Muss der Stiefvater als Zeuge aussagen, wenn sein Stiefsohn Beschuldigter ist? Wie fast immer gibt das Gesetz eine Antwort auf diese Frage nur um die Ecke. In § 52 Strafprozessordnung steht jedenfalls auf dem ersten Blick nichts von Stiefeltern und Stiefkindern drin:
Zur Verweigerung des Zeugnisses sind berechtigt
1. der Verlobte des Beschuldigten oder die Person, mit der der Beschuldigte ein Versprechen eingegangen ist, eine Lebenspartnerschaft zu begründen;
2. der Ehegatte des Beschuldigten, auch wenn die Ehe nicht mehr besteht;
2a. der Lebenspartner des Beschuldigten, auch wenn die Lebenspartnerschaft nicht mehr besteht;
3. wer mit dem Beschuldigten in gerader Linie verwandt oder verschwägert, in der Seitenlinie bis zum dritten Grad verwandt oder bis zum zweiten Grad verschwägert ist oder war.
In einem Fall, den ich erst in der Berufung übernommen habe, haben es die Steuerfahndung und das Amtsgericht dann auch gleich falsch gemacht.
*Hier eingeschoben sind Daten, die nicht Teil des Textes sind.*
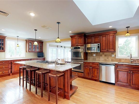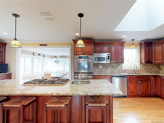 Custom and expanded with very attractive curb appeal, covered front entrance with large pillars. Conveniently located in the Tashua section of town close to schools, parks, shopping, and highways. This home has recently been renovated. Huge eat in kitchen that offers an abundant amount of cherry wood cabinetry, granite counter tops, Italian tiled back-splashes, and stainless steel appliances. Large center island with gas cook top and dishwasher. Extremely sun filled home with walls of glass and windows, some palladium. Off the kitchen you step into the DR/sun-porch, living room with huge bay window, crown and chair-rail moldings, recessed lighting throughout home, Newly renovated custom tiled baths, double sink vanities, granite counter-tops, over-sized shower stalls, and spa tub. Enormous master bedroom with tray ceiling, large walk in closet, and luxurious bath. Four other generously sized bedrooms. Lower level family room offers a full wall, floor to ceiling natural stone, wood-burning fireplace, wet bar, and recessed lighting, full bath, laundry, and a possible in law/ Au pair. Level, private, rear yard.

Der Stiefvater des Beschuldigten wurde vernommen und zwar mit der klaren Ansage, dass er kein Zeugnisverweigerungsrecht hat. Dementsprechend wurde er auch nur über sein Recht belehrt, auf Fragen zu schweigen, wenn er sich damit möglicherweise selbst belasten könnte. Weil er direkt nichts mit der Sache zu tun hatte, sagte er munter aus.
Erst der letzte Richter am Landgericht hat es, von sich aus, richtig gemacht und den Stiefvater über sein Zeugnisverweigerungsrecht aufgeklärt. Das Bürgerliche Gesetzbuch bestimmt nämlich in § 1590:
Die Verwandten eines Ehegatten sind mit dem anderen Ehegatten verschwägert. Die Linie und der Grad der Schwägerschaft bestimmen sich nach der Linie und dem Grade der sie vermittelnden Verwandtschaft.
Stiefeltern und Kinder sind also miteinander verschwägert. Damit greift aus dem oben zitierten Paragrafen der Strafprozessordnung Ziff. 3 ein. Der Stiefvater durfte komplett schweigen.
In meinem Fall hat das durchaus Folgen. Nachdem er nun erstmals richtig belehrt wurde und nichts sagen wollte, dürfen die früheren Aussagen des Stiefvaters nicht mehr berücksichtigt werden. Das mag jetzt keine gravierenden Folgen haben. Trotzdem ist der Fall ein schönes Beispiel dafür, dass auch Amtspersonen mitunter nicht mal die Basics auf die Reihe kriegen.